Give again, word for word, each line below starting at the one that contains "Управляемый светодиодный модуль" and ending at the one that contains "百合をモチーフに、押絵の技法".

*** Dataset entries ***

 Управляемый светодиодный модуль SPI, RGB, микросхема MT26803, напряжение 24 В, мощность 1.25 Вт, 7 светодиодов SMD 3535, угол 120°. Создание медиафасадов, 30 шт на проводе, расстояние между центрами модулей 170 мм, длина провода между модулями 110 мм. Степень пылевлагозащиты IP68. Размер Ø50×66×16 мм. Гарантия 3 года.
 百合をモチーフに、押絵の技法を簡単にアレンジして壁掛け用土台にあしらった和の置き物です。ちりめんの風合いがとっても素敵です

*** End of Dataset entries ***
*** Dataset entries ***

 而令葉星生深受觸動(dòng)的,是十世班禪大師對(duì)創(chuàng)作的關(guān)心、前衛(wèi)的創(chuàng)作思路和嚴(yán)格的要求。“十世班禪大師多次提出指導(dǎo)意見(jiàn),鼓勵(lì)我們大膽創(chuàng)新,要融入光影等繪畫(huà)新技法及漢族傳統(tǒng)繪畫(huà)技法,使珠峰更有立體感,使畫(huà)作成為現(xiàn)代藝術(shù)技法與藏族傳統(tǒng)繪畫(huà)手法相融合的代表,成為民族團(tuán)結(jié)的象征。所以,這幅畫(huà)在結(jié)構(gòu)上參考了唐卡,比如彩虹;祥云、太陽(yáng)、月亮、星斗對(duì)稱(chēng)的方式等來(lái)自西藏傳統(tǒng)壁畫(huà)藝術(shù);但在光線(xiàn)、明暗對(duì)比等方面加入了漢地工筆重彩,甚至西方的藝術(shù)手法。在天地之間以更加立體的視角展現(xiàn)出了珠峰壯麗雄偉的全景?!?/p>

*** End of Dataset entries ***

### Answer section
 Управляемый светодиодный модуль SPI, RGB, микросхема MT26803, напряжение 24 В, мощность 1.25 Вт, 7 светодиодов SMD 3535, угол 120°. Создание медиафасадов, 30 шт на проводе, расстояние между центрами модулей 170 мм, длина провода между модулями 110 мм. Степень пылевлагозащиты IP68. Размер Ø50×66×16 мм. Гарантия 3 года.
 百合をモチーフに、押絵の技法を簡単にアレンジして壁掛け用土台にあしらった和の置き物です。ちりめんの風合いがとっても素敵です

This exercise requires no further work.